Goal of the exercise
Among the lines listed below, count those that include the string "entre", and state only the count.

Input data

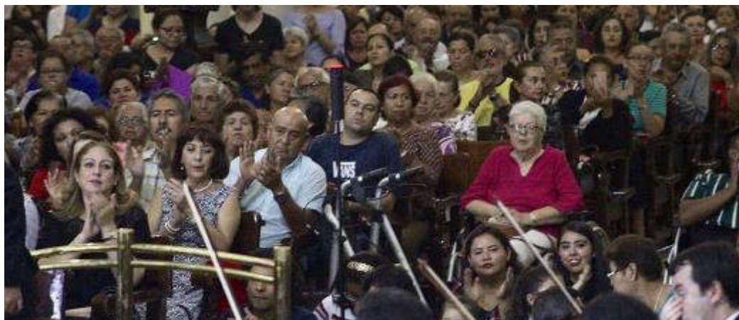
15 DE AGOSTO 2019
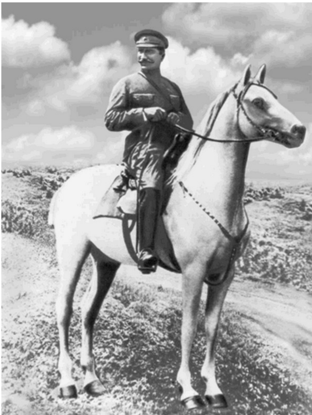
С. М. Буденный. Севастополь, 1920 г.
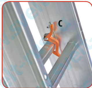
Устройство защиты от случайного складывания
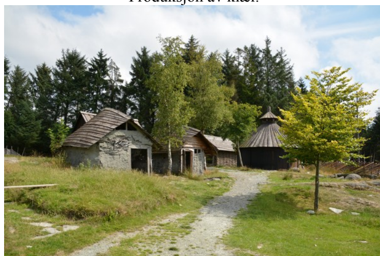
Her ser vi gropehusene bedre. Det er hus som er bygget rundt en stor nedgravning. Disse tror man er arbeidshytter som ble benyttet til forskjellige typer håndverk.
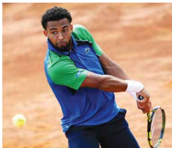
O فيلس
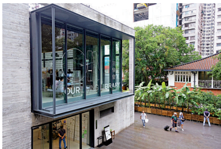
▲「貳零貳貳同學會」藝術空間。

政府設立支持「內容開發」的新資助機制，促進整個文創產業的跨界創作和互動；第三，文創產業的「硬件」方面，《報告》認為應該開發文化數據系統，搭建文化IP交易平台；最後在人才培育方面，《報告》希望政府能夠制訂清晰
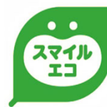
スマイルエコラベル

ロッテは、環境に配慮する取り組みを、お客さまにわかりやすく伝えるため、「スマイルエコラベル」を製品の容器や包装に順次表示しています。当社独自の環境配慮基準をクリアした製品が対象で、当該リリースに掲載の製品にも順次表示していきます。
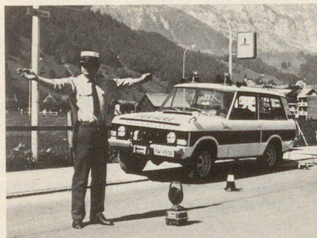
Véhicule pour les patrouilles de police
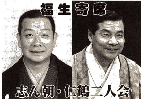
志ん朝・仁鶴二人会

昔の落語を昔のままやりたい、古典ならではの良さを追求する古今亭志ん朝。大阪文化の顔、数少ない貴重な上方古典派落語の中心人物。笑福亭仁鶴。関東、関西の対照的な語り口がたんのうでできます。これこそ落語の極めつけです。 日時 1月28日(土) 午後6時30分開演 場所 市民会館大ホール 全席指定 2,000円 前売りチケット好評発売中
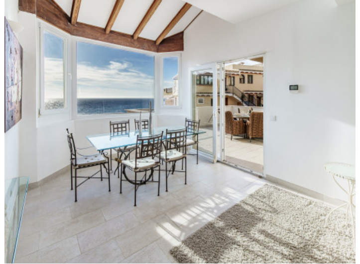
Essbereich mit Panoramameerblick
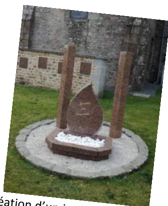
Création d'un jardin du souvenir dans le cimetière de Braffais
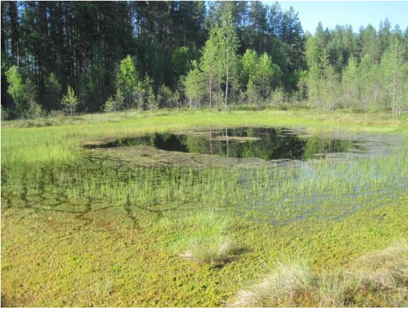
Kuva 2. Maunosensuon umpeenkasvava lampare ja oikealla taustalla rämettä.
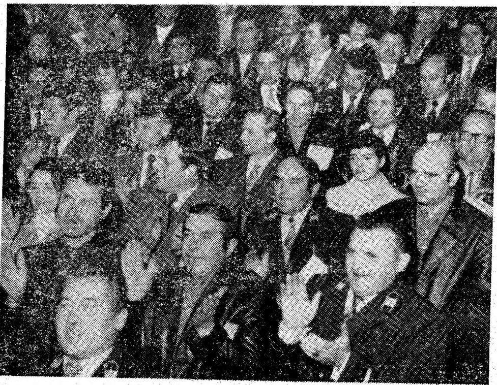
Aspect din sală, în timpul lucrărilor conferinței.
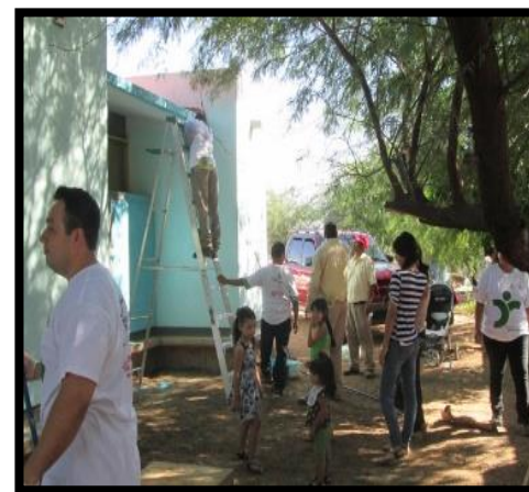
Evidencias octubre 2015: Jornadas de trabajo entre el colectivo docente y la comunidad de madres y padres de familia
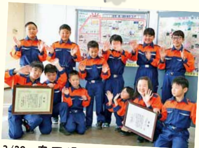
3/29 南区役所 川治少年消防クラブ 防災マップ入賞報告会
--
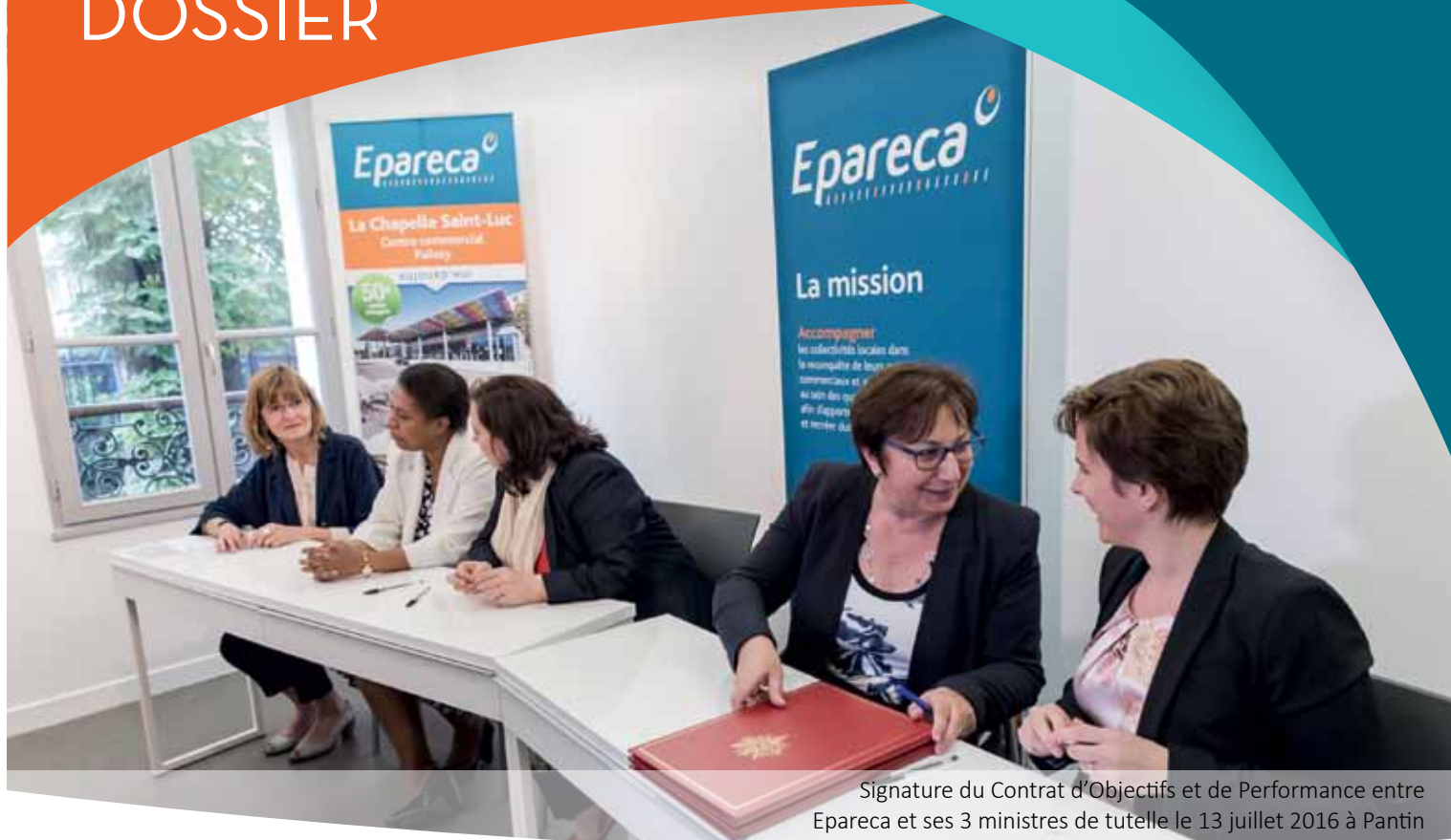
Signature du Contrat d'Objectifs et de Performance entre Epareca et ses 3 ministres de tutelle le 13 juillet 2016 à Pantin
--
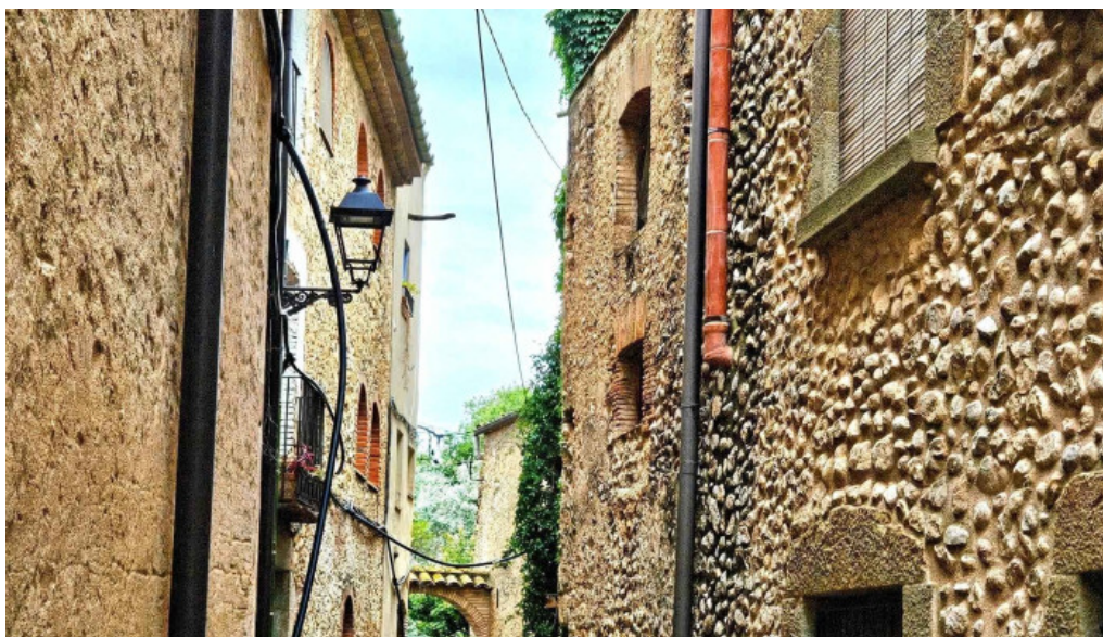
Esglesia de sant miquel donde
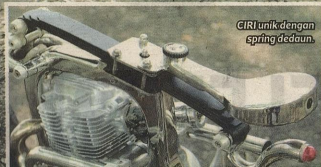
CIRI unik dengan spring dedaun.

Task result
2